Temuan Anggota DPR: Program Makan Bergizi Gratis Diduga Bermasalah, Kualitas Pangan Jadi Sorotan
Anggota Komisi IX DPR RI, Muazzim Akbar, melontarkan kritik pedas terhadap implementasi program Makan Bergizi Gratis (MBG). Kritik ini muncul setelah ia melakukan peninjauan langsung di Nusa Tenggara Barat (NTB), di mana ia menemukan sejumlah permasalahan signifikan dalam pengelolaan program tersebut oleh Satuan Pelayanan Pemenuhan Gizi (SPPG).
Muazzim Akbar mengungkapkan kekecewaannya dalam rapat Komisi IX DPR RI, menyoroti kurangnya pengawasan dari Badan Gizi Nasional (BGN) yang berakibat pada kualitas makanan yang diterima oleh siswa. Ia bahkan menceritakan pengalamannya menemukan buah yang mengandung ulat dalam menu MBG, yang menyebabkan seorang siswa SD terkejut dan berteriak.
"Begitu banyak SPPG yang saya lihat masih asal-asalan. Kurangnya pengawasan dari BGN (Badan Gizi Nasional)," tegas Muazzim.

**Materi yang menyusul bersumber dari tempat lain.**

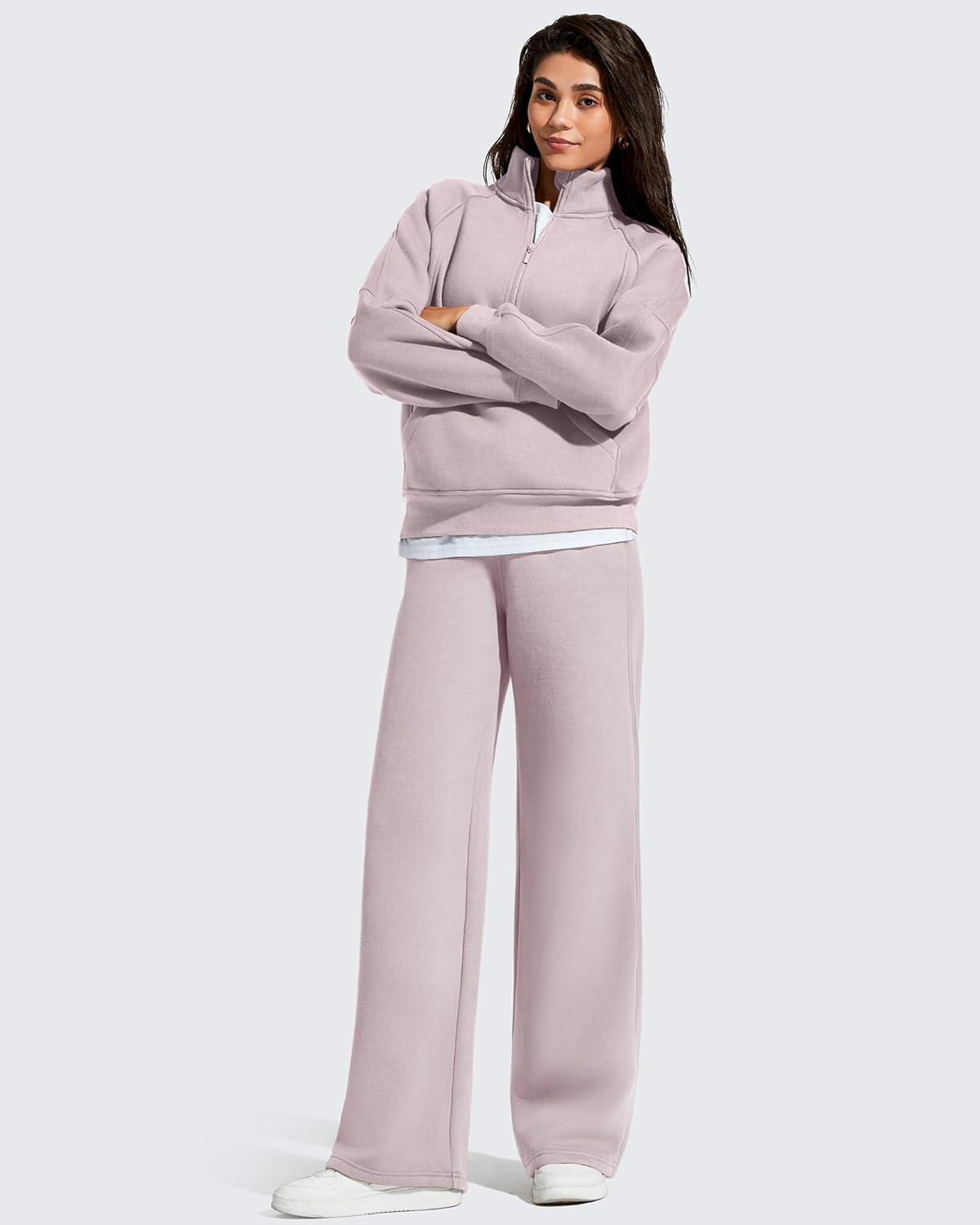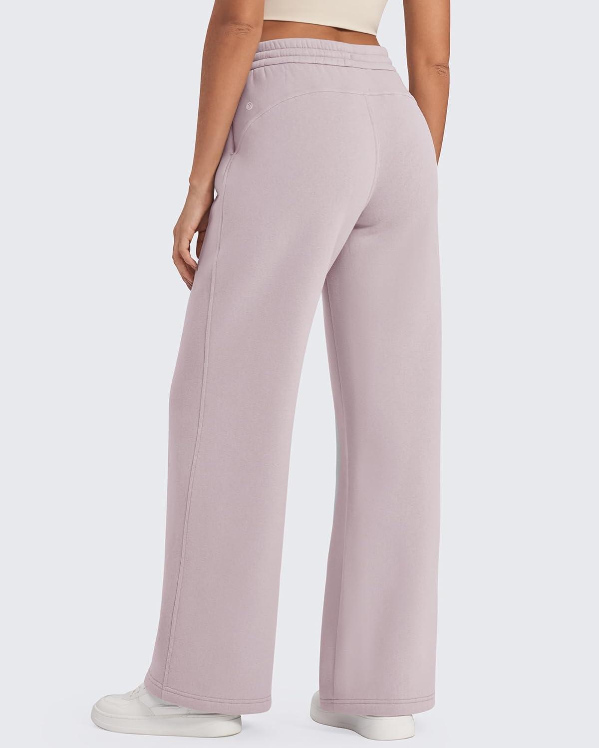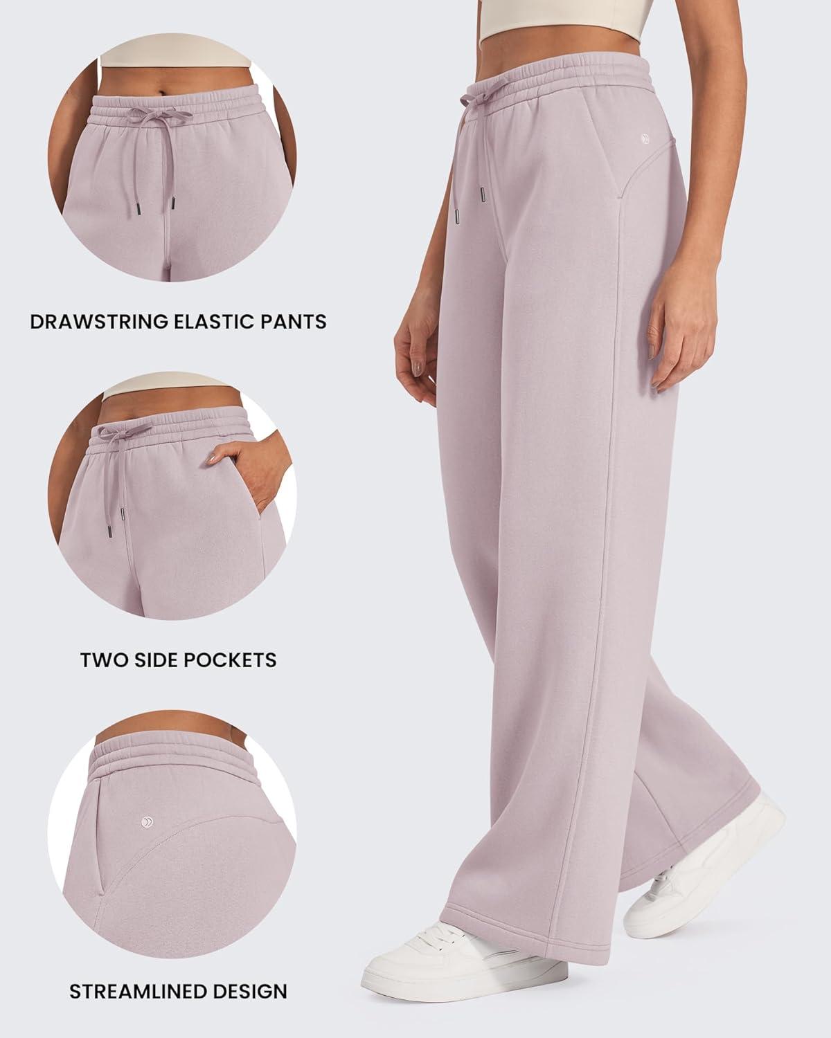 G4Free Flurrylux Fleece Lined Sweatpants Women Cotton Wide Leg Pants with Pockets Lounge Casual(Dusty Rose)

Politikus dari PAN ini juga menyoroti temuan lainnya, seperti jeruk yang tidak layak konsumsi untuk siswa SMP karena berukuran kecil dan rasanya sangat asam. Lebih lanjut, ia menyoroti kualitas nasi yang sangat keras dalam menu MBG, menimbulkan pertanyaan tentang standar pembelian bahan makanan yang digunakan dalam program tersebut.
- Temuan di Lapangan:
- Buah dengan ulat dalam menu MBG untuk siswa SD.
- Jeruk berkualitas buruk (kecil dan asam) untuk siswa SMP.
- Nasi keras yang tidak layak konsumsi.
Selain masalah kualitas makanan, Muazzim juga menyoroti kebingungan yang dialami oleh tim SPPG dalam menangani keluhan terkait program MBG. Menurutnya, tidak ada penanggung jawab yang jelas di tingkat provinsi atau kabupaten/kota, sehingga SPPG tidak tahu ke mana harus menyampaikan keluhan.
"Saya tanya sama SPPG-nya, kalau ada keluhan, dia bingung mau mengeluh ke mana karena penanggung jawab di masing-masing provinsi atau kabupaten/kota itu enggak ada. Jadi, kalau ada masalah, dia mau mengeluh ke mana?" ungkapnya.
Muazzim Akbar mengkhawatirkan bahwa program MBG tidak akan mencapai tujuan yang diharapkan jika masalah-masalah ini tidak segera ditangani. Ia menekankan perlunya evaluasi menyeluruh terhadap pengawasan SPPG dan standar kualitas bahan makanan yang digunakan dalam program MBG. Kegagalan untuk mengatasi masalah ini, menurutnya, akan menjadi "bom waktu" yang merugikan siswa dan mencoreng citra program MBG.